Buildings insurance is a type of home insurance that covers the structure of a property – things like the walls, roof, floors and permanent fixtures – against damage from events such as fire, flood, storm, or subsidence. It is often required by mortgage lenders because it protects the cost of repairing or completely rebuilding your home if something serious happens.

What is buildings insurance? (Quick Scoop)

Think of buildings insurance as protection for everything you couldn’t take with you if you picked your home up and turned it upside down.

It typically covers:

  • Structural parts of the home: walls, roof, ceilings, floors, stairs.
  • Permanent fixtures: fitted kitchen units, built‑in wardrobes, bathroom suites, pipes and wiring.
  • Some outbuildings: garages, sheds, and sometimes greenhouses and fences, depending on the policy.
  • Damage from specific “insured events”: fire, explosion, storm, flood, burst pipes, vandalism, and sometimes impact by vehicles or falling trees.

If one of these events damages your property, the insurer pays for repairs or, in extreme cases, a full rebuild up to the “sum insured” (your agreed rebuild amount).

Buildings vs contents insurance

People often confuse buildings insurance with contents insurance, but they protect different things.

Here’s a simple comparison:

Type What it covers Think of it as Who usually needs it?
Buildings insurance Structure of the property and permanent fixtures (walls, roof, fitted kitchen, bathroom, built‑in units, some outbuildings). The shell of the home and things fixed to it. Homeowners and landlords, usually required if you have a mortgage.
Contents insurance Movable items and personal belongings (furniture, electronics, clothes, appliances not built‑in). Everything you would take with you if you moved. Owners and tenants who want their possessions covered.
[3][7][1] Many insurers sell combined “home insurance” that wraps buildings and contents together, but they’re still two distinct parts under the hood.

Do you actually need it?

Whether you need buildings insurance depends on your situation.

  • Homeowners with a mortgage:
    • Lenders almost always insist you have buildings insurance from the day you exchange contracts, to protect the property they’ve lent against.
  • Outright owners (no mortgage):
    • Not legally required, but strongly recommended; you’d have to fund repairs or a full rebuild yourself otherwise.
  • Leaseholders (flats):
    • Buildings cover is often arranged by the freeholder or management company and included in your service charge; you may only need contents insurance personally.
  • Renters:
    • Landlords normally handle buildings insurance for the property. As a tenant, you usually just arrange contents cover for your own belongings.

What buildings insurance usually doesn’t cover

Policies list both what is covered and what’s excluded, so it’s important to read the small print.

Common exclusions or limits include:

  • General wear and tear, gradual deterioration, or poor maintenance.
  • Damage that happens slowly over time, like long‑term damp or rot.
  • Some types of subsidence or ground movement if not specifically included.
  • Damage when a property is left unoccupied for long periods beyond the policy limit.
  • Deliberate damage or criminal acts by the policyholder.

Some insurers offer add‑ons for extras such as accidental damage or legal expenses, or include them as standard on more comprehensive policies.

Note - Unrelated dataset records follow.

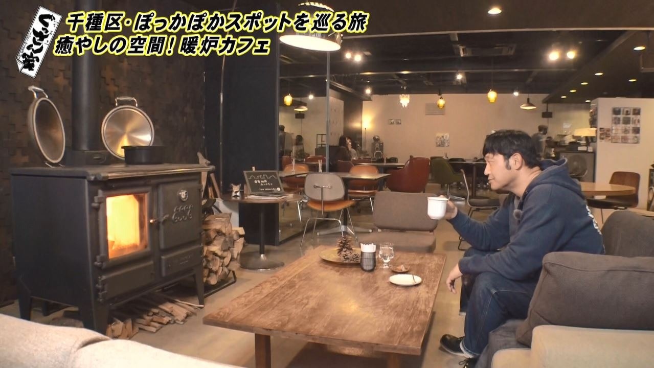 ホットコーヒーをいただきながら「いい時間ですね。コーヒー美味しい!これ贅沢やな~。ちょっと自分に酔えるもんな、ここ。燃えている火を見ながらコーヒー飲むって格別やな」と極上の時間を満喫します。
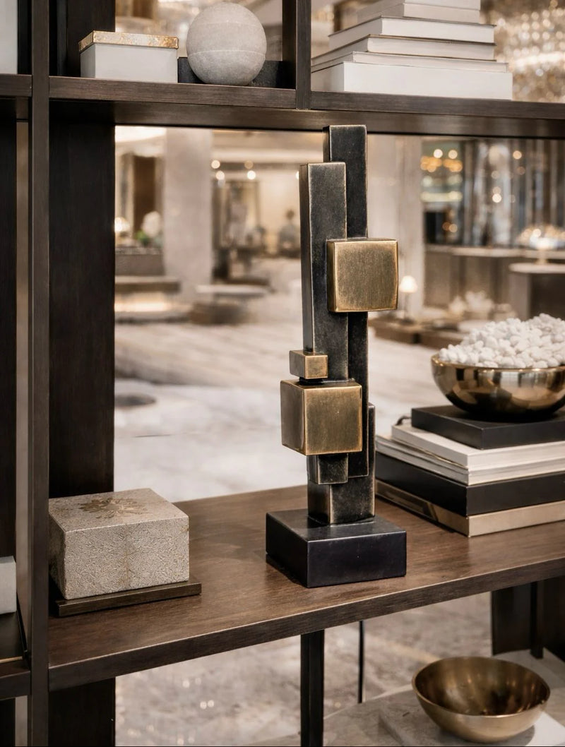 דקורציה מודרנית בגימור ברונזה מט עם קוביות זהב במראה מדוייק ויוקרתי, שמכניסה אופי ונוכחות נקייה לכל חלל. פריט של אקססוריז לבית שמוסיף עומק ואלגנטיות ל־דקורציה לבית ומשדרג מיד את עיצוב הבית בקו מינימליסטי.
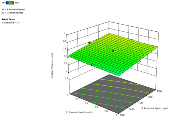 In comparison to the axial load and rotational speed, the traverse speed has no detrimental influence on the thickness of the coating, as shown in Figure 6. Despite the increased traversal speed, the coating thickness stays constant [32]. When the traverse speed is maximum (3 mm/s) and the axial force is maximum (8.8 kN) the thickness of the coating would be minimal.
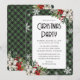 Elegant green buffalo plaid Christmas party invitation featuring white poinsettia, holly, red berries and snowflakes.
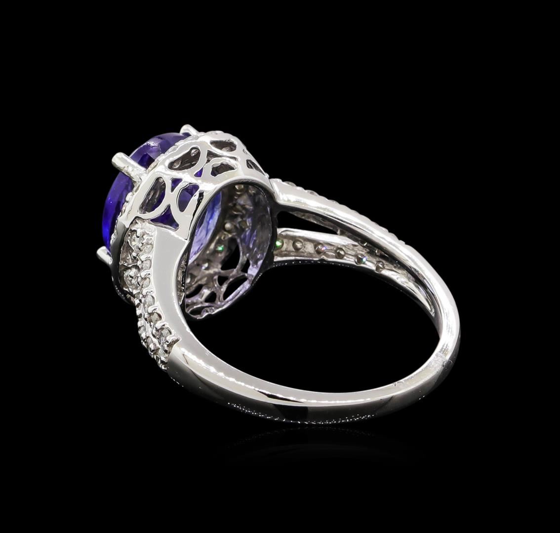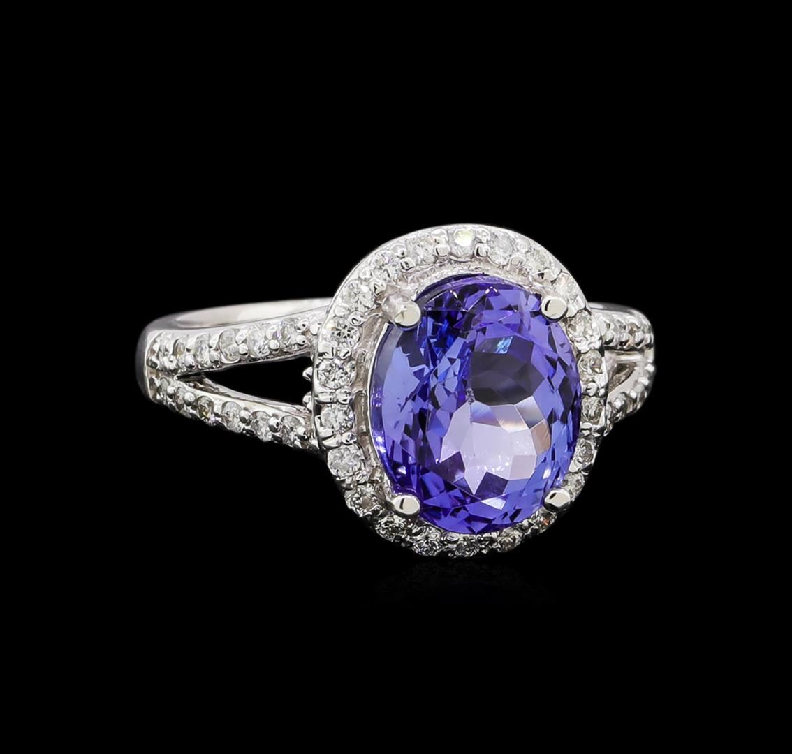One electronically tested 14KT white gold lady's cast fashion ring with a basket halo with a bright polish finish. The featured lady's ring has a shank measuring 2.19 millimeters in width. Identified with markings of '14K'. Condition is new, good workmanship. Containing: One prong set oval modified brilliant cut natural tanzanite, measuring 10.37 x 8.60 x 5.95mm, (depth est.) 5%. bulge factor, approximate weight of 4.10ct., clarity is eye clean, medium light, very slightly grayish, violetish blue color, (GIA vB 4/3), cut is very good. Transmitting light with no distortion, transparent. Colored gemstones are presumed to have been subjected to commonly used enhancement processes. Graded in the setting. Fifty prong set round brilliant cut diamonds, measuring 1.40 - 1.35 x 0.86mm (depth est.) approximate total weight of 50 Stones = 0.51ct. Graded in the setting. Clarity SI-1 to I-1. Color: G - I Cut Good. Total Weight of Colored Stones 4.10ct.. Total Weight of Diamonds 0.51ct.. Total Weight of Ring 5.50gm. GAS Appraised at $7,045.00.
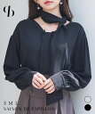 【ボウタイリボンで楽しむとろみ素材のブラウス】ボウタイリボン 取り外し可能 オケージョン オフィス おでかけ 日常使い セゾンドパピヨンシャツ トップス レディース 長袖 ブラウス ボウタイ付き フリンジ加工 ギャザー入り とろみ素材 バルーンスリーブ 比翼仕立て カフス ダブルボタン カフス 通勤 学校行事 春 秋 冬 きれいめ 女の子 SAISON DE PAPILLON sdp0334
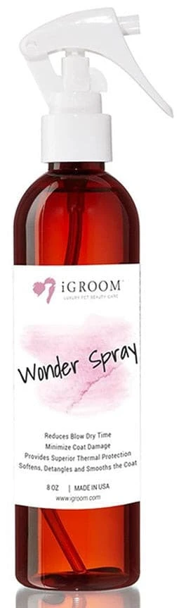 iGroom Wonder Spray is a multifunctional spray that is specifically formulated to reduces blow-drying time with the additional benefits of thermal protection and humidity resistance.
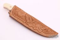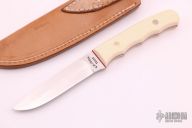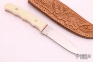 This hunter by Roger M Green features a hand rub satin finished blade with .125" blade stock and .841" blade depth, full tapered tang construction. The handle has ivorite scales with red liners and nickel silver and brass pins. Comes with a hand tooled brown leather sheath. New from maker at the 2021 ICCE Show.
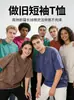 Camiseta juvenil holgada retro de manga corta de algodón desgastado y lavado pesado de marca de moda estadounidense transfronteriza de 230 g para hombres y mujeres
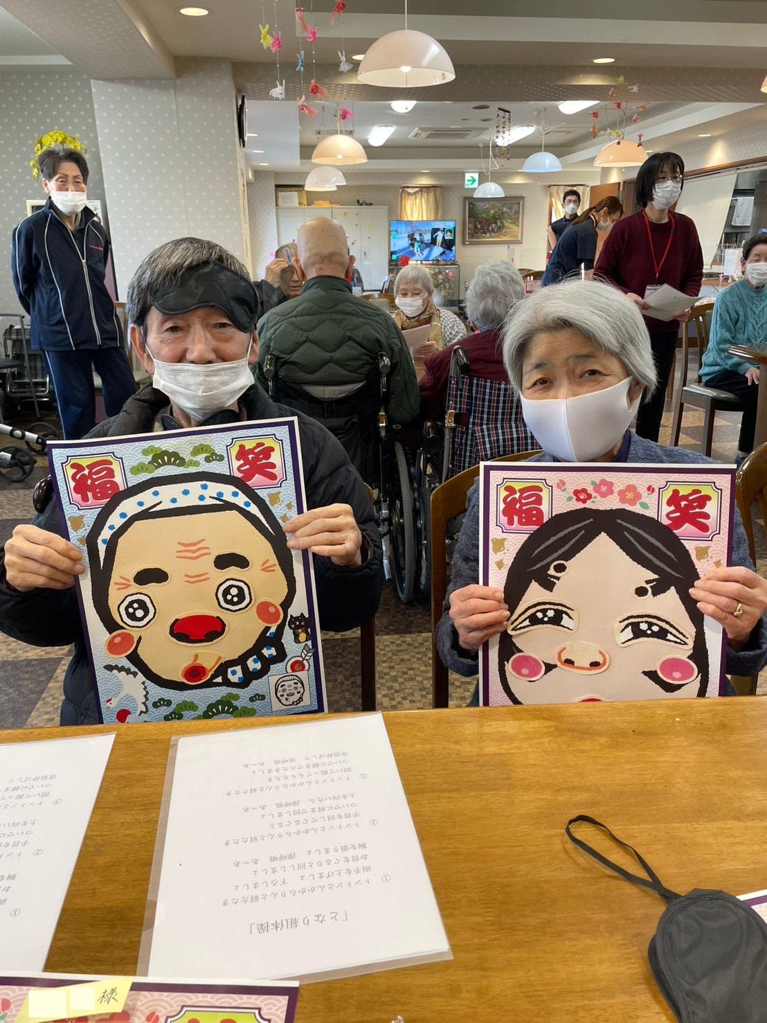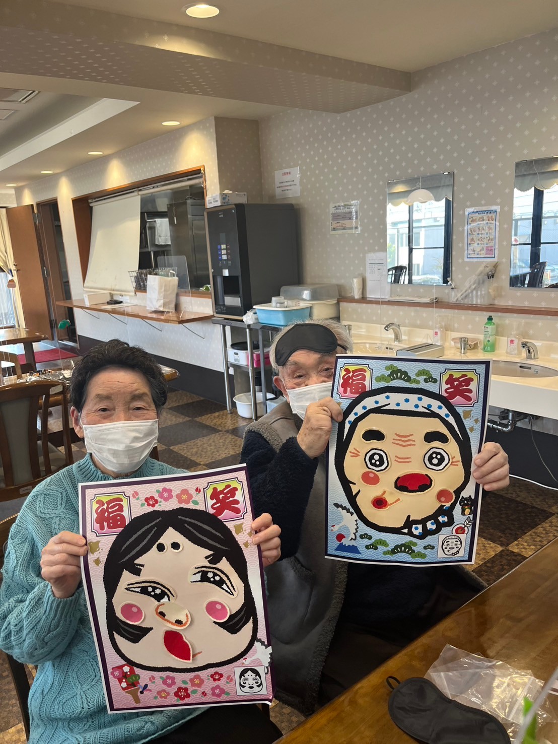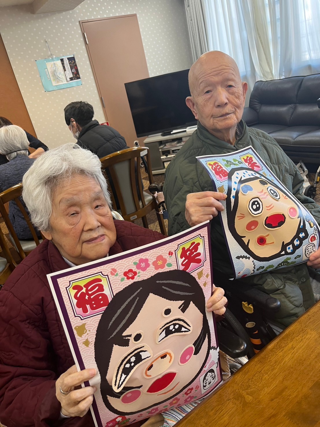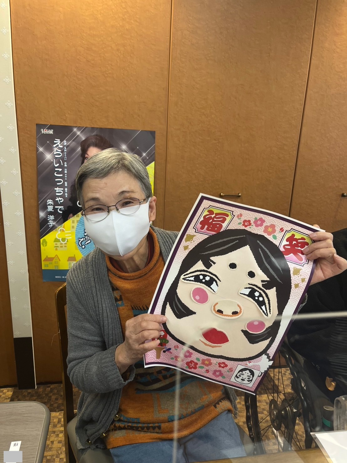 コンシェルジュ花みずきが開催しているお正月遊びの中に『福笑い』がありましたので、カーサ花みずきでも開催しました☆

A quick real‑life style example

Imagine a major storm rips tiles from your roof, rain pours in, and your ceilings and built‑in kitchen units are badly damaged.

  • Buildings insurance would typically pay for scaffolding, roof repairs, new ceilings and the replacement of your fitted kitchen units, up to your insured rebuild limit.
  • If your TV, sofa and other movable items are ruined, those would fall under contents insurance instead.

TL;DR (Quick Scoop)

  • Buildings insurance = cover for the structure of your home and fixtures, against specific risks like fire, flood and storm.
  • It’s usually required if you have a mortgage and strongly advised even if you don’t.
  • It’s different from contents insurance, which protects your belongings rather than the building itself.

Information gathered from public forums or data available on the internet and portrayed here.